Content - An Apple television would present some cool options for new apps and
games, but the lean back experience would be no different than with a current
TV. People want their Madmen, football, Nascar, Walking Dead, etc. and you
will need to buy that through cable companies (for now). If Apple makes a TV
it will look awesome and have some neat tricks, but it will be a "Dumb Screen"
for whatever comes through the set top box. That seems like a losing solution
for Apple.

I think a more likely scenario is that Apple buys a Cable provider like
Comcast and replaces the horrible set top box with an Apple version. Why?

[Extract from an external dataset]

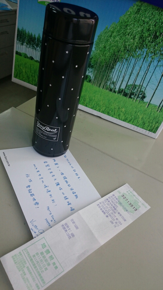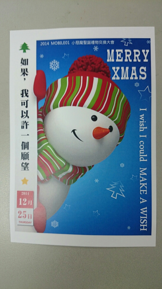 我也收到囉~第一屆收到象印保溫杯第二屆是海賊王的餅干第三屆又回到保溫杯了 而且是stayreal的耶是五月天迷來著的嗎 XDDD我很喜歡唷~謝謝來自高雄的Victor卡片是自己設計的耶,上面還寫著「2014mobile01小惡魔聖誕禮物交換大會」很用心!thank u so much~我送出的是moor藍芽耳機,好像還沒看到開箱欸

Apple's huge cash position - Apple has more than $50B in free cash and are
adding ~$10B a quarter. They have made repeated statements about keeping that
money available for one or more major strategic investments. They could
conceivably have enough money to buy Comcast by the end of this year.

Why this works:

\- Fits their vertically integrated model perfectly. Now Apple will own the
customer experience from end to end.

\- Creates a wedge that will force other carriers to offer an Apple set top
box.

\- Forces all the content providers to play ball with Apple. If Apple owns the
pipes the content co's will lose a lot of negotiating power.

\- It is a great high margin business, well suited to the Tim Cook era where
device innovation might be slower.

\- It is a hedge against Net Neutrality. If the cable co's get their way it
could negatively impact the Apple UX, especially for iPad.

In this scenario Apple can take on a high margin business with a host of
barriers to entry and milk it while they reimagine what the TV experience
should be for the next 20 years. I have no doubt that we will see a beautiful
aluminum TV made by Apple at some point, but if they don't figure out the
infrastructure foundation first it will not work.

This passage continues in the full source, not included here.